Drug subcultures theory hypothesizes that drug use and abuse may diminish or cease if and when commitments to subcultural values, norms, and rituals decline or terminate for any combination of reasons. Such diminution in use may be due to reducing interaction or terminating friendships with drug-using peer groups or associates. Peer groups and individuals may switch preferences in drug use because of changing drug fads, declines in availability of a substance, or an increase in availability of another drug. Individuals may switch reference groups and orient themselves toward nondrug activities and associates. Nonusing friends (or those who are moderate users), parents, spouse, or legal authorities may exert direct pressure to reduce or terminate use. For the heaviest drug users--who are frequently sellers--a decision to stop dealing or to sell only to close friends may reduce the amount of drugs consumed.

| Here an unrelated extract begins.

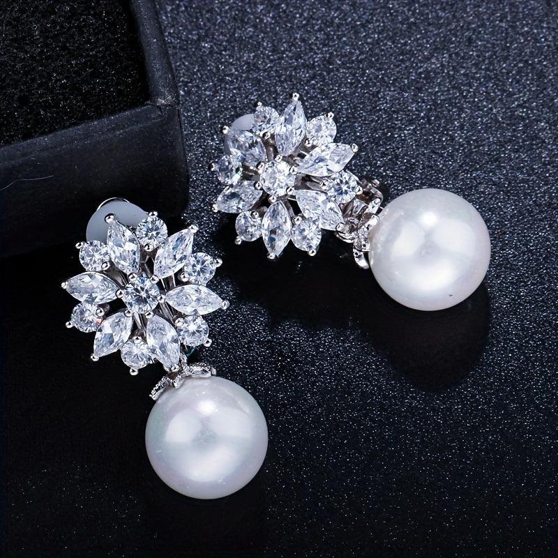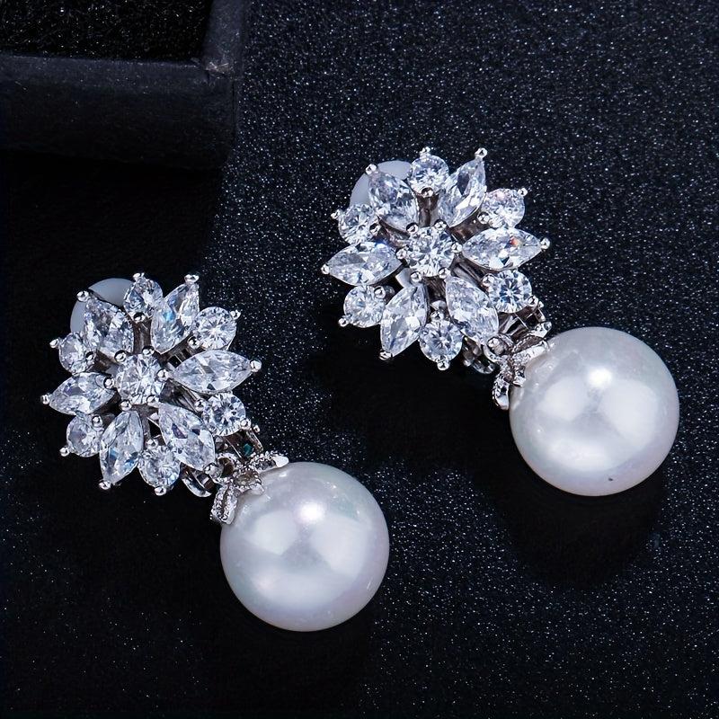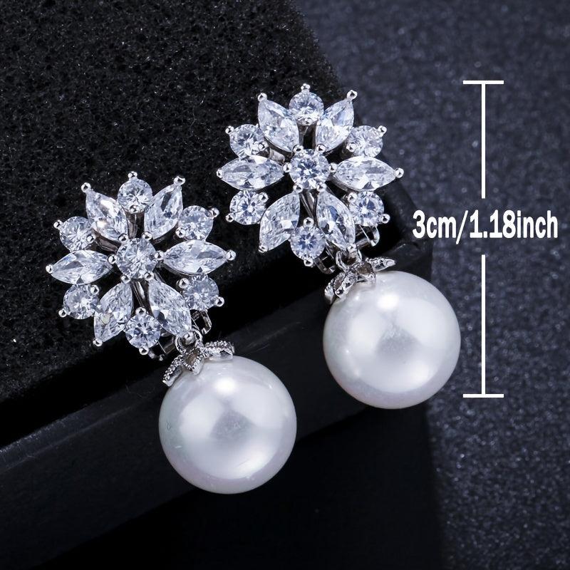 Add a touch of elegance to your look with these stunning clip-on earrings featuring synthetic zirconia and faux pearl drops. The perfect accessory for any occasion.

Critical changes in the life cycle appear to be associated with long-term diminution and almost complete cessation of involvement in drug subcultures and drug use. Evidence from national surveys (Abelson et al. 1972, 1973, 1977; Abelson and Atkinson 1975; Abelson and Fishburne 1976; O'Donnell et al. 1976; Johnson 1978) and local surveys (Kandel 1978b; Brown et al. 1974; Division of Substance Abuse Services 1978; Johnson and Uppal, in press) indicates that the assumption of adult roles significantly decreases participation in the drug subculture for large segments of the regularly using population. Particularly important to diminishing use are marriage, parenthood, full-time employment, and associated changes in friends and peer groups (Brown et al. 1974). Involvement in these adult roles occupies major proportions of the

working day, as well as leisure time activities. Little or no effort is expended to seek drug supplies or associates with whom to use drugs. If, however, such persons attend social functions where drugs, especially marijuana, are being used, they may be influenced by the subcultural conduct norms of that peer group to use again. But these will be isolated episodes, which will not occur until another similar social occasion arises.

SELF-DEROGATION THEORY (p. 128)

Kaplan

Cessation of the drug abuse (or other deviant pattern) would be likely to occur if and when self-devaluing outcomes outweigh self-enhancing outcomes. In that case the subject would be likely to experiment with alternative modes of deviance, since normative patterns would continue to be motivationally unacceptable as long as they were subjectively and in fact associated with self-devaluing experiences. But insofar as individual maturation and correlated changes in socioenvironmental experiences (including social support systems) reduce the likelihood of self-devaluing experiences, offer new opportunities for self-enhancement, and provide the person with effective coping mechanisms and a correlated realistic sense of control over the environment, the illicit drug use is likely to cease in favor of normative response patterns.

EGO/SELF THEORY (p. 29)

Khantzian

The addict's relationship with and dependence on a substance are the result of failures to find more ordinary solutions to human problems of coping with emotional distress and seeking satisfaction for one's needs and wants. Drugs have been substituted as an extraordinary solution for a range of problems, but particularly as a means to cope with major ego and self disturbances. However, the drug "solutions" are at best short term and tenuous, and the long-term dependence on drugs has serious, maladaptive aspects and consequences. As a result, addicts understandably are very often ambivalent about their substances. Often consequences such as legal, medical, and interpersonal crises that result from long-term drug use break down the rationalizations and denial that have supported continuing drug use and dependency. At these times, alternative solutions and satisfactions become possible and realizable and may, for the first time in some and once again in others, make possible the replacement of drugs with human involvements such as alternative compulsive (but benign) activities, religious immersion, relationships, and becoming the treator (versus the treated). This may occur with or without treatment interventions or relationships.